Waging the Hiring War
Will low unemployment come to mean high inflation?
Mike Weimar isn't running some corporate megabehemoth. Impact Displays, a Santa Clara, Calif., graphic design firm that makes trade show signs, has maybe 20 employees. But with a company that size, quickly filling job openings is critical. And right now Weimar is struggling to fill a sales rep position. "I've been trying for a couple of months," he says. "I've had an ad on craigslist and just put one on Monster.com ... but I am based in Silicon Valley, and a lot of people are looking for high-tech sales jobs, and this isn't as sexy. ... And a lot of the people who do respond are kind of flaky."

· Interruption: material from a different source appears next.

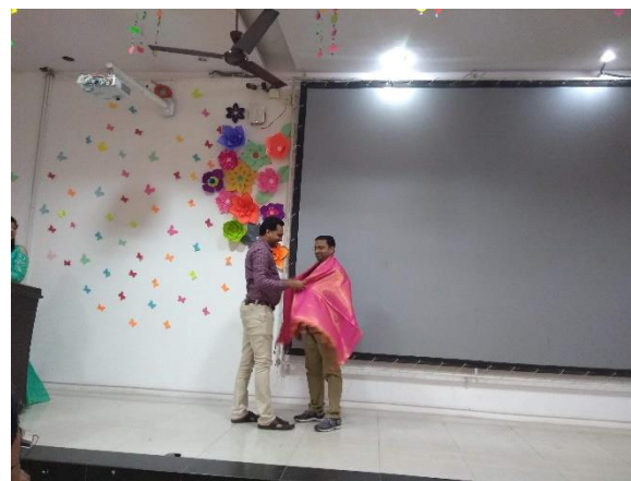
Celebrations of Teachers Day of Biotechnology students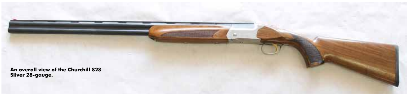
An overall view of the Churchill 828 Silver 28-gauge.

At the muzzle end the Churchill 828 Silver has a barrel fluoro front sight and is fitted with internal choke tubes, five supplied and all packed into a handy plastic case along with the propeller-type spanner. Slots in the ends of the choke tubes immediately identified the choke constriction but these should only be checked or installed

Finding experienced, capable, non-flaky workers isn't a problem just in Silicon Valley-well, the flaky part might be-nor is it limited to the sales business. It's a daunting challenge for many types of companies all across America. The staffing giant Manpower surveyed 2,400 U.S. employers earlier this year to find which jobs were hardest to fill. Among the top 10 were teacher, accountant, and mechanic. The hardest of all for the second straight year: sales representative. Overall, 41 percent of responding firms reported problems in hiring, about the same as last year. "And it's not just about finding warm bodies," says Melanie Holmes, vice president of corporate affairs at Manpower. "Not enough people are keeping their skills up to date."
On a roll. A recent Federal Reserve report found "continuing tight labor market conditions, especially for skilled occupations," in nine of the 12 Fed districts from New York to San Francisco. None of this should be too surprising given the state of the job market. The unemployment rate was a skimpy 4.5 percent in April, the Labor Department reported Friday. Of course, that number may not seem so low compared with the jobless rates of the late 1990s and 2000. In April 2000, soon after the Nasdaq stock market hit its all-time high, the unemployment rate fell to a low of 3.8 percent.
But today's numbers are still impressive. Consider: The jobless rate has been as low as or lower than today just 10 percent of the time since the 1960s. "This is a tight labor market based on the unemployment rate and on the gains in wages we have seen recently," says Drew Matus, U.S. economist at Lehman Brothers.
So what's not to like? Plentiful jobs-especially for college grads, whose jobless rate is just 1.8 percent-and fatter paychecks aren't exactly the avian flu. Except that they are, kind of, for the killjoys at the Fed. From mid-2004 through mid-2006, the Fed raised short-term interest rates 17 times-from 1 percent to 5.25 percent-to slow the economy and contain inflation pressures. Like a viral contagion, once inflation really starts to spread, it's hard to stop. And one place the Fed has seen cost pressures is in the labor market. Higher wages are fine as long as they are matched by rising productivity, or worker output per hour. But, after a string of boom years, labor productivity slipped badly last year.